■ Problem to solve ■
The whole listing is to be written out again exactly; the pictures are not.

■ Collected material ■
== == ==
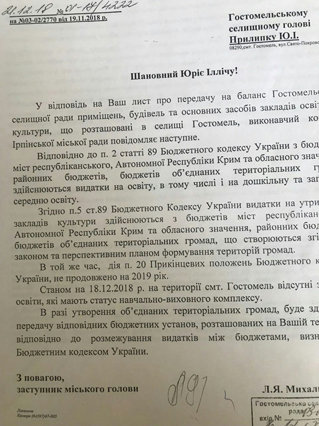 Ось бачимо одне зі звернень та відповідь на нього. Ці звернення зумовлені тим, що Ірпінська влада відверто ігнорували питання утримання цих бюджетних установ.
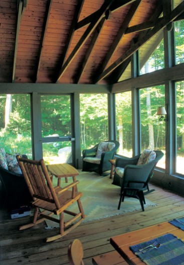 Na ogromną werandę prowadzą rozsuwane przeszklone drzwi. Ściany z drobnej metalowej, niemal niewidocznej siateczki nie tylko chronią przed owadami, ale i dają złudzenie, że siedzi się pośród lasu.
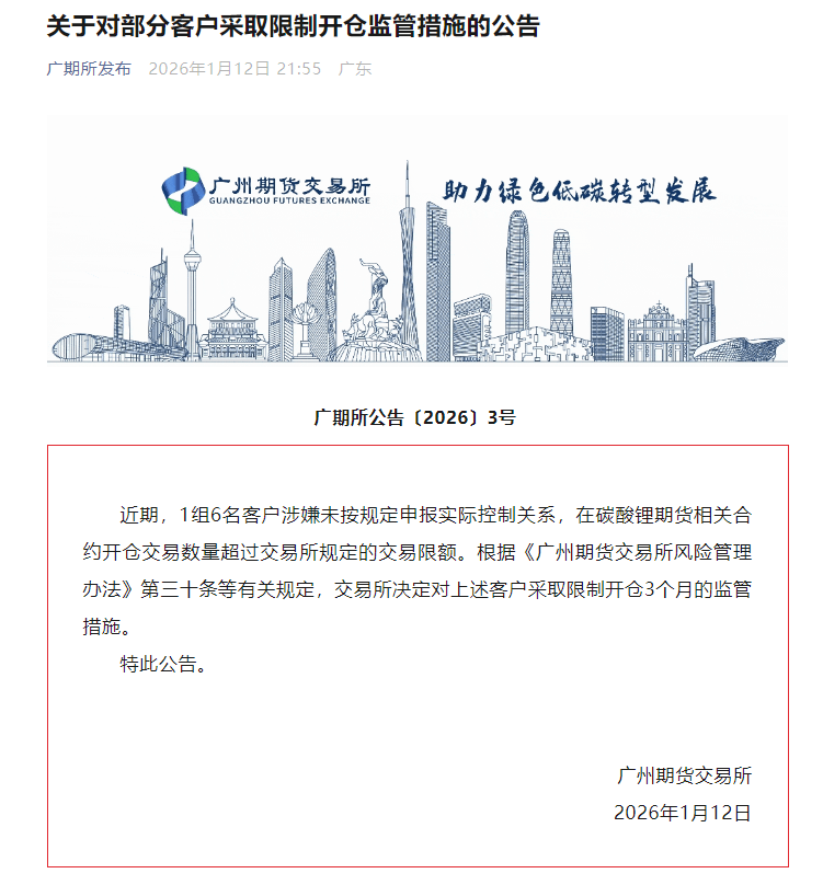 值得一提的是,1月12日,广期所发布发布自律监管通知,对1组6名涉嫌未按规定申报实际控制关系,在碳酸锂期货相关合约上开仓数量超过交易限额的客户,依据《广州期货交易所风险管理办法》等规定,采取限制开仓3个月的监管措施。
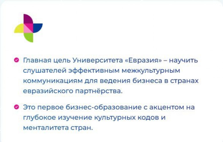 «Եվրասիա» համալսարանը առաջարկում է բիզնես կրթության նոր ձևաչափ, որը միտված է տարբեր երկրների մշակույթի, ավանդույթների և գործնական հաղորդակցության առանձնահատկությունների ուսումնասիրությանը:
== == ==
■ Final answer ■
 Ось бачимо одне зі звернень та відповідь на нього. Ці звернення зумовлені тим, що Ірпінська влада відверто ігнорували питання утримання цих бюджетних установ.
 Na ogromną werandę prowadzą rozsuwane przeszklone drzwi. Ściany z drobnej metalowej, niemal niewidocznej siateczki nie tylko chronią przed owadami, ale i dają złudzenie, że siedzi się pośród lasu.
 值得一提的是,1月12日,广期所发布发布自律监管通知,对1组6名涉嫌未按规定申报实际控制关系,在碳酸锂期货相关合约上开仓数量超过交易限额的客户,依据《广州期货交易所风险管理办法》等规定,采取限制开仓3个月的监管措施。
 «Եվրասիա» համալսարանը առաջարկում է բիզնես կրթության նոր ձևաչափ, որը միտված է տարբեր երկրների մշակույթի, ավանդույթների և գործնական հաղորդակցության առանձնահատկությունների ուսումնասիրությանը:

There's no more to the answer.